MarkLogic Server uses the Content Processing Framework (CPF) as the underlying replication mechanism. The documents to be replicated are defined by a CPF domain. The scope of a domain may be a document, a collection of documents, or a directory. For more details about domains, see Understanding and Using Domains in the Content Processing Framework Guide Guide. You can replicate multiple domains either to the same Replica or to different Replicas, as shown is the illustrations below.

Replicated databases do not necessarily need to be configured as entirely a Master or a Replica in the replication scheme. For example, you may have two databases, DB1 and DB2, where DB1 replicates updates to the documents in Domain A to DB2 and DB2 replicates updates to the documents in Domain B to DB1.

This is not a multi-master replication configuration, as the documents updated by each application must be in different domains. Any overlap between the replicated domains may result in unpredictable behavior.

Another possible Master/Replica configuration is where a Master replicates updates to a Replica/Master that replicates the updates to another Replica. For example, you may have three databases, DB1, DB2, and DB3, where DB1 replicates updates to DB2 and DB2 replicates updates to DB3.

You can set up filters that narrow the scope of what documents and what parts of the documents are replicated within a domain. For example, you can set up a filter to replicate only XML documents, or you can create filters to only replicate inserts and updates (not deletes), or only replicate a particular node or element within each document.
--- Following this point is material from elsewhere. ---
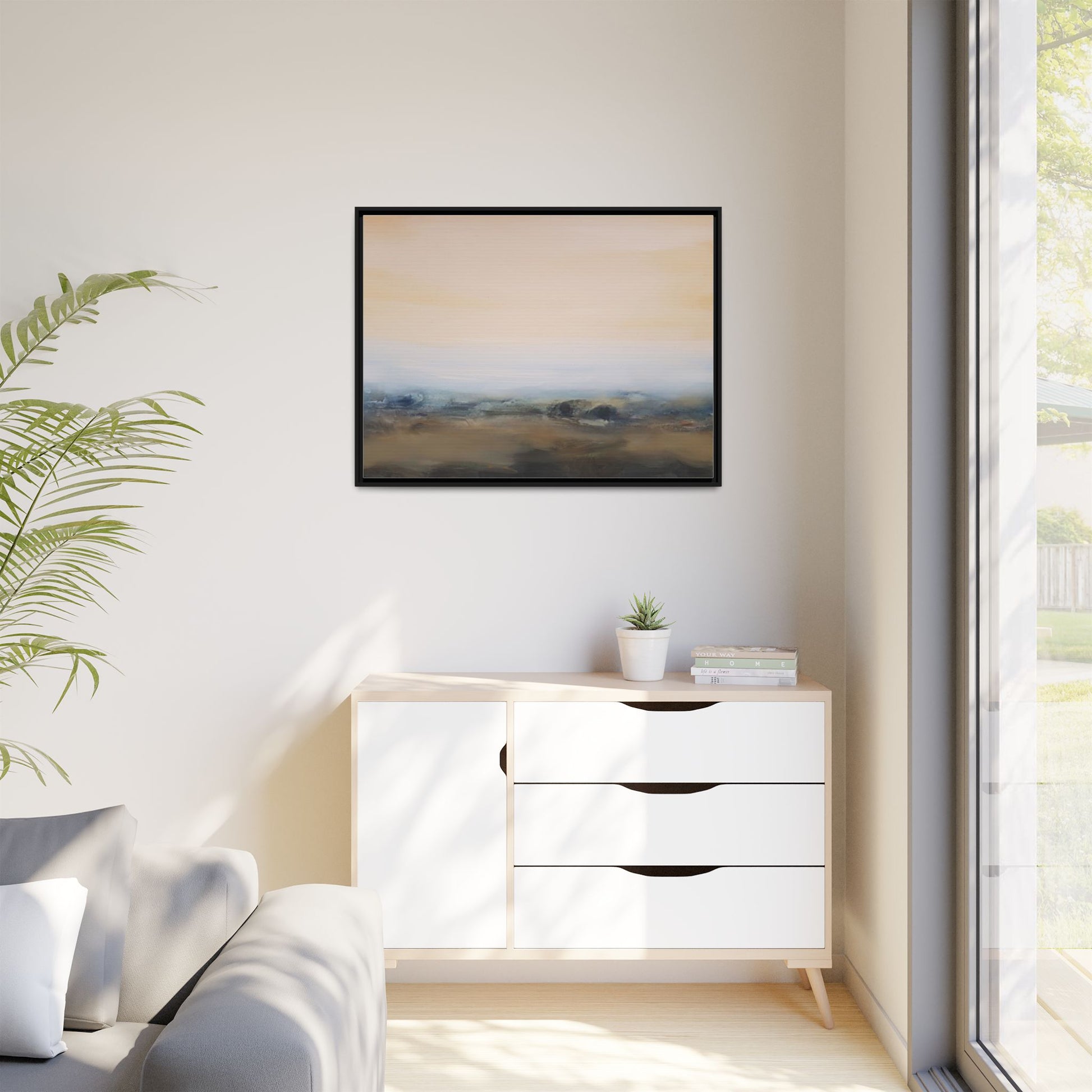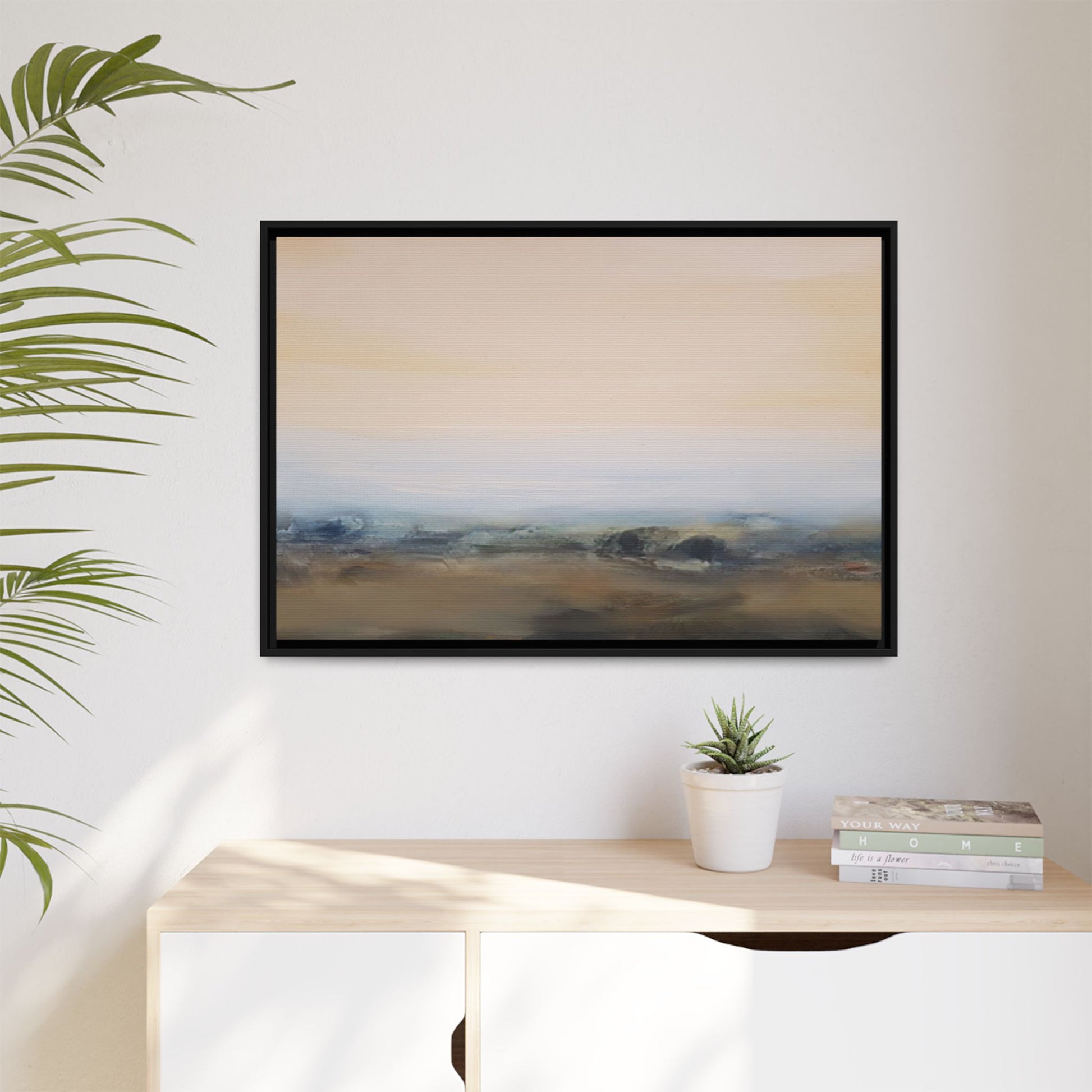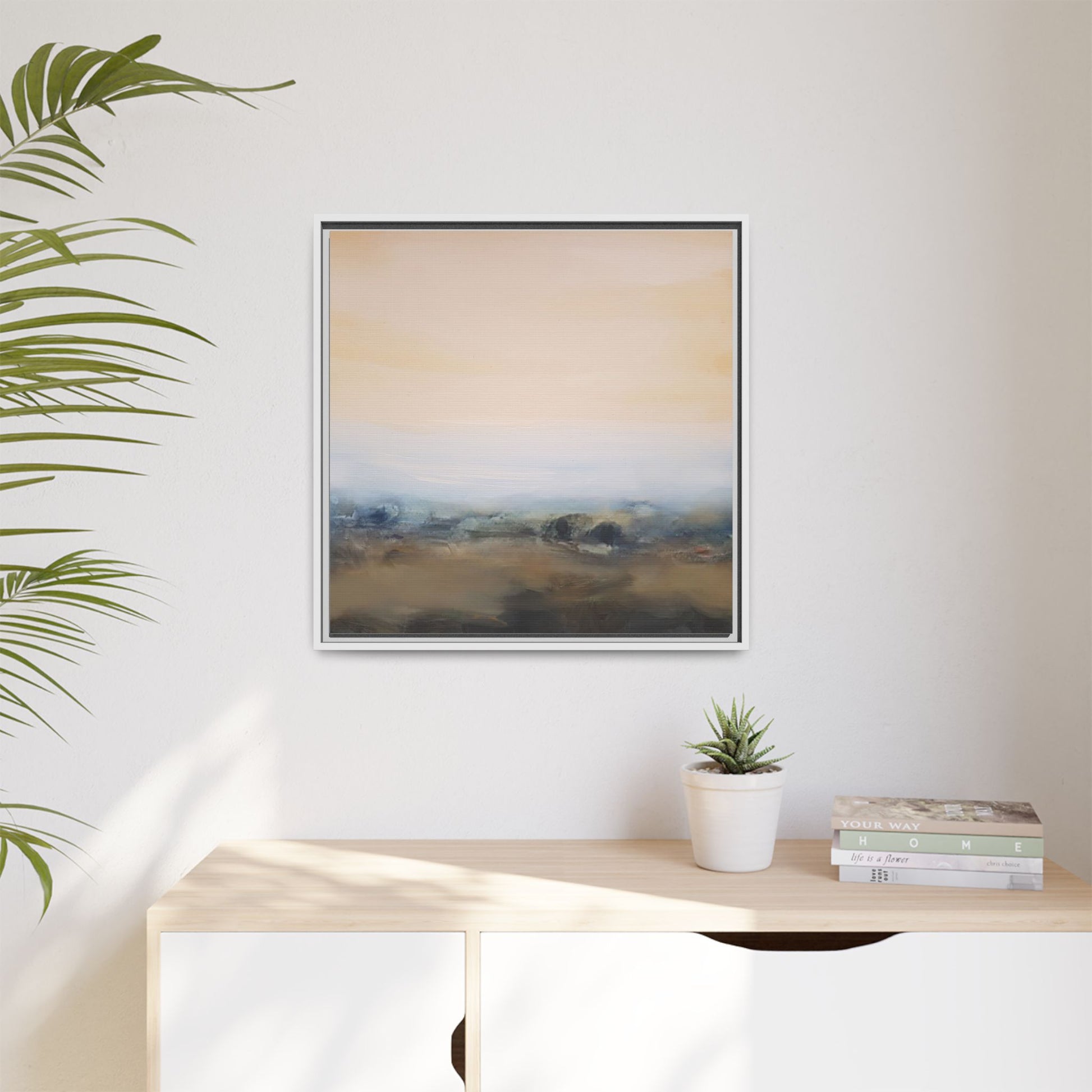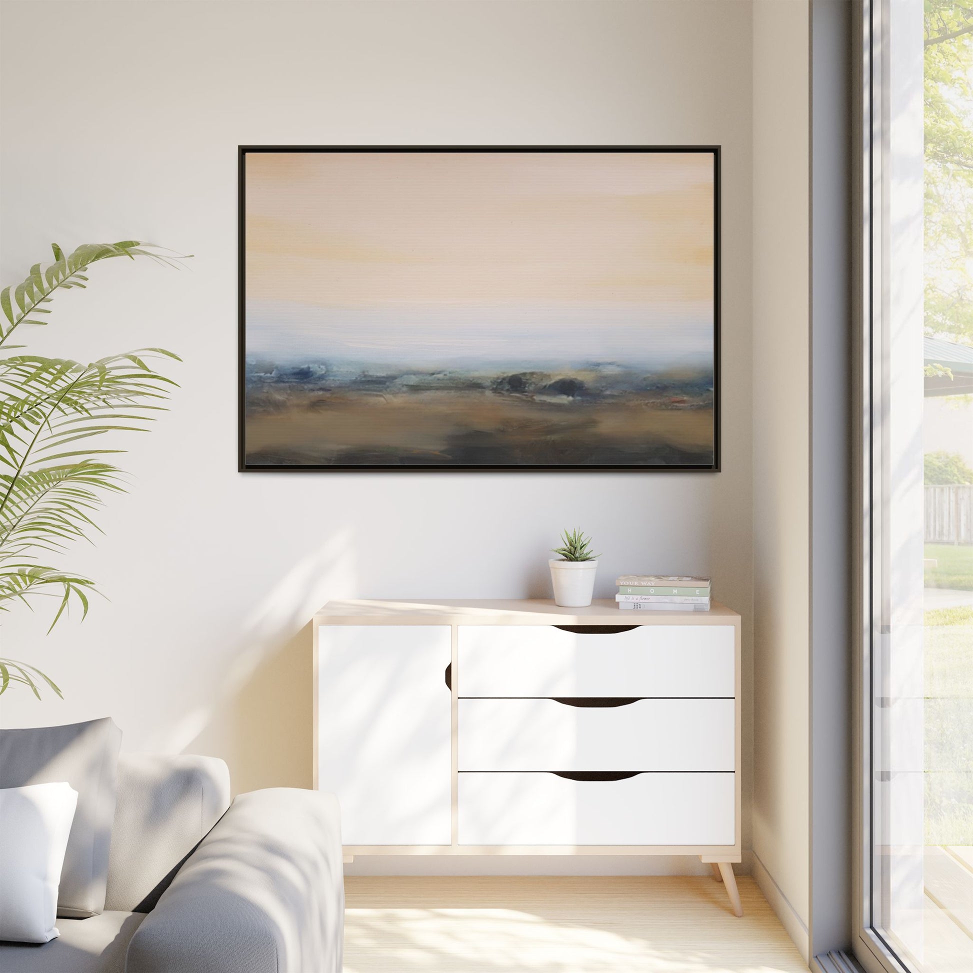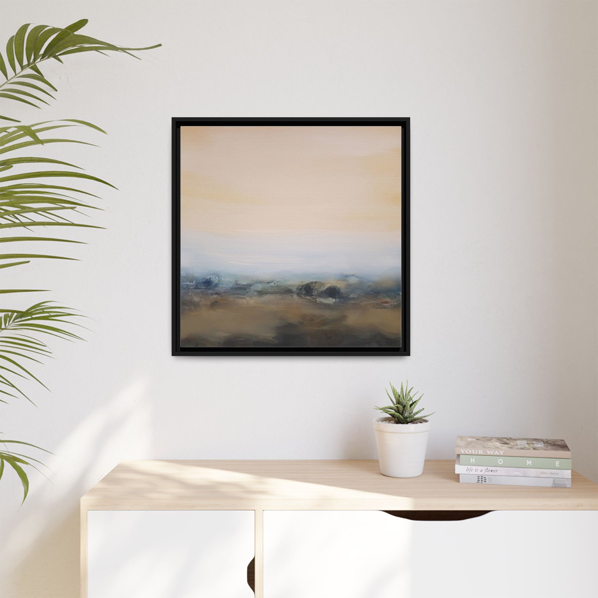 This evocative landscape painting captures a misty, ethereal scene characterized by soft, blended colors and a sense of atmospheric depth. The artwork features a muted color palette dominated by warm beiges, cool grays, and subtle blue-green tones that create a serene and contemplative mood. The composition is divided horizontally, with a pale, expansive sky occupying the upper two-thirds of the canvas and a hazy, undefined landscape stretching across the bottom third. Subtle brushstrokes and gentle color transitions give the painting a dreamlike quality, blurring the lines between sky, horizon, and land. The abstract nature of the piece invites viewers to interpret the landscape through their own emotional lens, suggesting a sense of tranquility and vast, open space.

Replication can be configured to either push or pull updates from the Master to the Replica. Push replication means that the Master pushes updates to the Replica. Pull replication means the Replica pulls updates from the Master. Push replication is triggered whenever an update is made on the Master database. Pull replication can only be configured as a scheduled task, as described in Configuring Pull Replication. Typically, you should use push replication, unless the Master and Replica are separated by a firewall through which a Replica server can only pull content from a Master server outside the firewall.